The Canada Agriculture and Food Museum (Musée de l'agriculture et de l'alimentation du Canada) is a national agricultural museum in Ottawa, Ontario, Canada. Occupying several buildings within the Central Experimental Farm, the museum operates as a "working farm", and provides public programs and exhibitions on agriculture sciences, and on the history of agriculture in Canada. In addition to the exhibitions held on the grounds, the museum also organizes travelling exhibitions for other museums across the country.

The museum's collection originated from a museum established at the Central Experimental Farm in 1920, although a national agriculture museum was not opened by the federal government until October 1983, as the Agriculture Museum. Initially occupying only a dairy barn, the museum later expanded to include several other buildings on the Central Experimental Farm. The museum was renamed the Canada Agriculture Museum in May 2000, before it adopted its current name in May 2013.

==History==
The collection of the Canada Agriculture and Food Museum originated from the museum operated at the Central Experimental Farm in 1920. Maintenance of the collection was later taken up by the National Museums of Canada (NMC), although some items from the collection were transferred to the Canadian Museum of Civilization, or the National Museum of Science and Technology.
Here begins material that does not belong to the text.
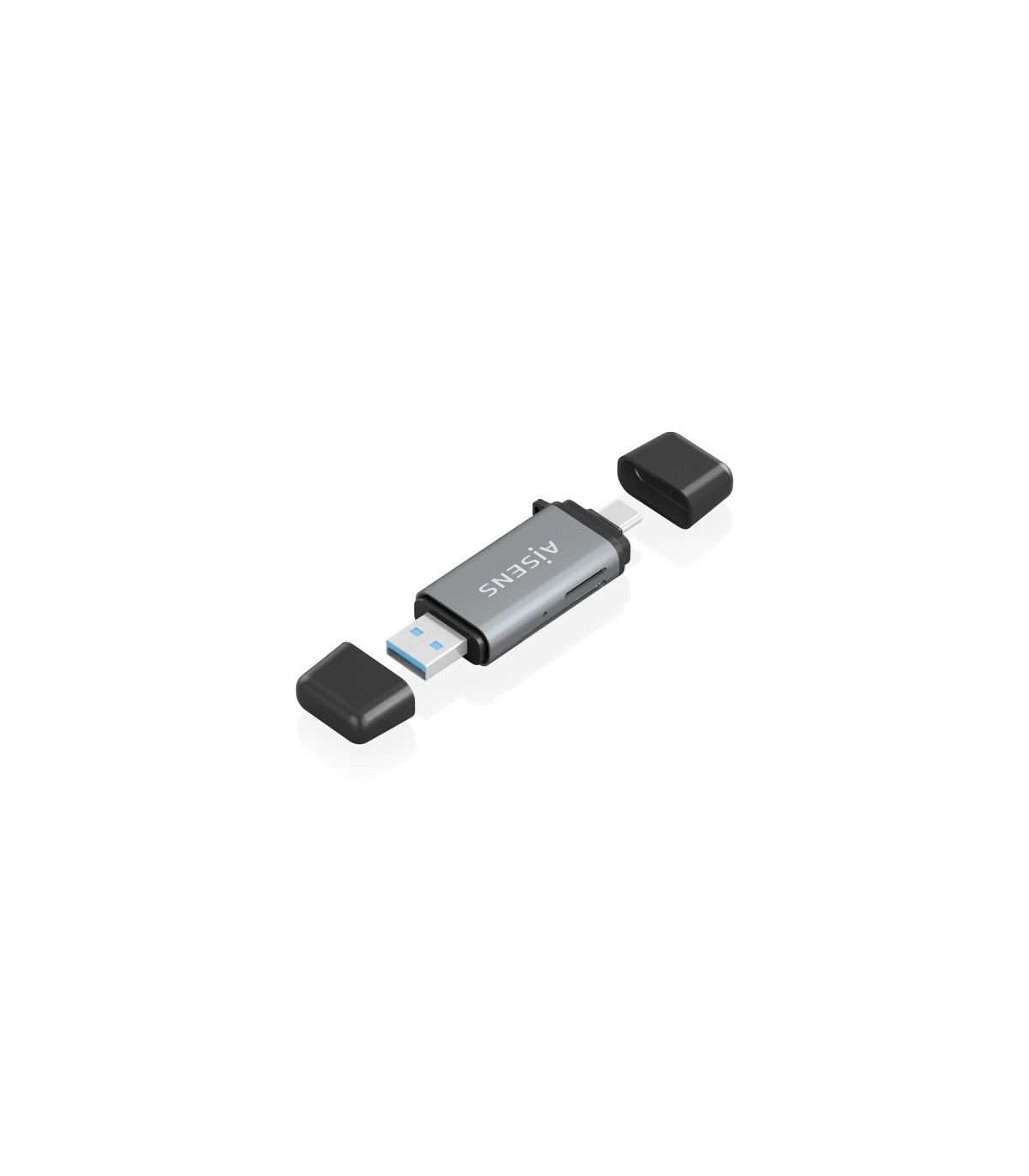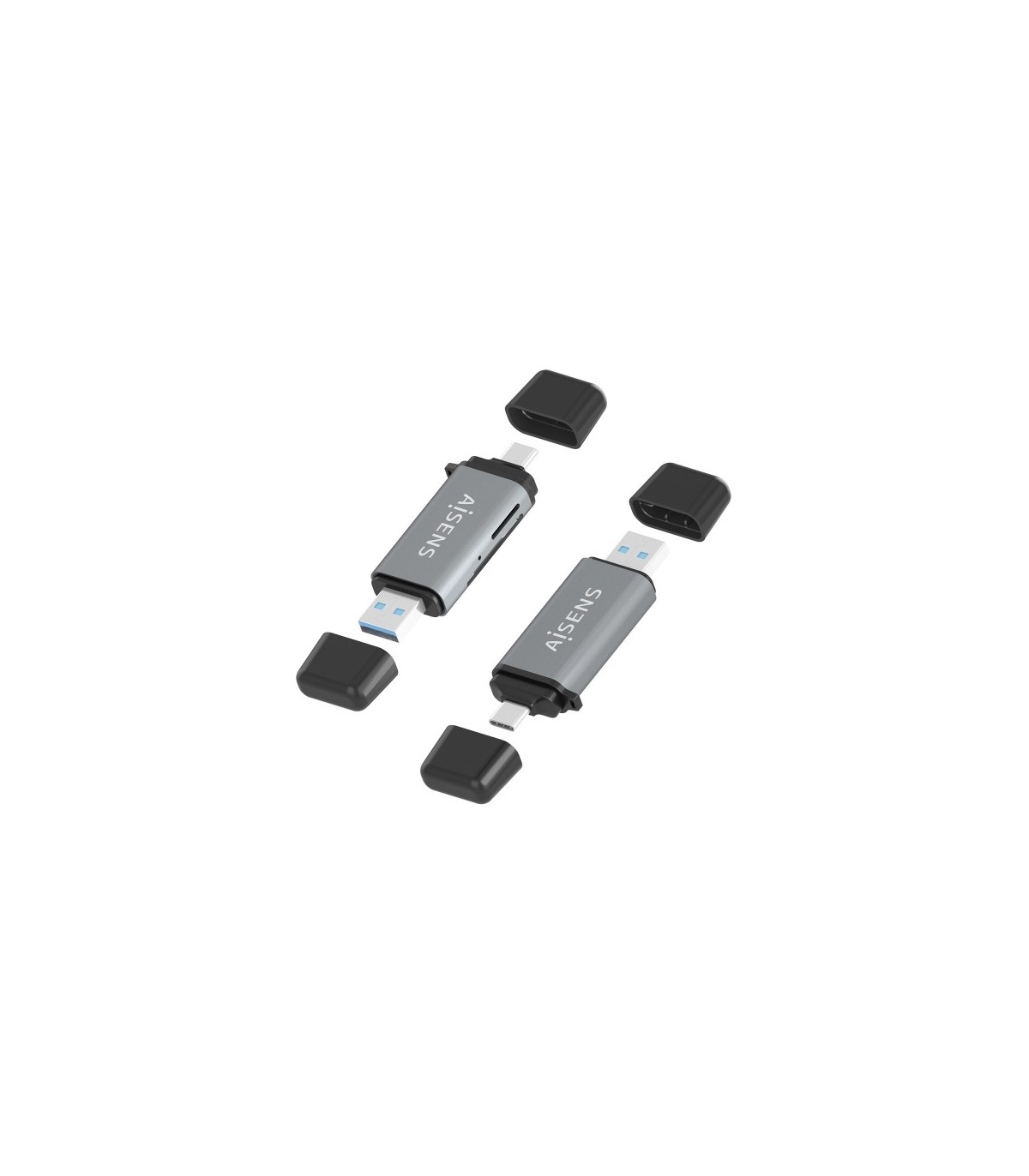 Aisens Lector de Tarjetas USB-A y USB-C 3.1 Gen1 - Compatible con SD, Micro SD, MMC, RS-MMC, MMC Micro - Color Gris

In 1978, exploratory discussions took place regarding the feasibility of creating an agricultural museum within one of the heritage buildings of the Central Experimental Farm. In 1980, the upper floor of the dairy barn was selected to host an exhibition gallery for the collection. A memorandum was signed between Agriculture and Agri-Food Canada and NMC, where the former agreed to provide the facility, and renovate its upper levels to the requirements expected by the NMC; while the NMC agreed to operate the museum. The agricultural collection maintained by the NMC formed the nucleus for the agriculture museum's collection. Public Works Canada completed their renovations of the site in August 1983, with the NMC installing the museum's first two exhibitions, "Haying in Canada," and "A Barn of the Twenties;" the former an exhibition of farm equipment from 1840 to 1960, and the latter an immersive exhibit of a barn in the 1920s. The museum was formally opened on 12 October 1983 as the Agriculture Museum. Since opening the museum's operations has expanded beyond the dairy barn; with the museum operating seven buildings for public and administrative purposes.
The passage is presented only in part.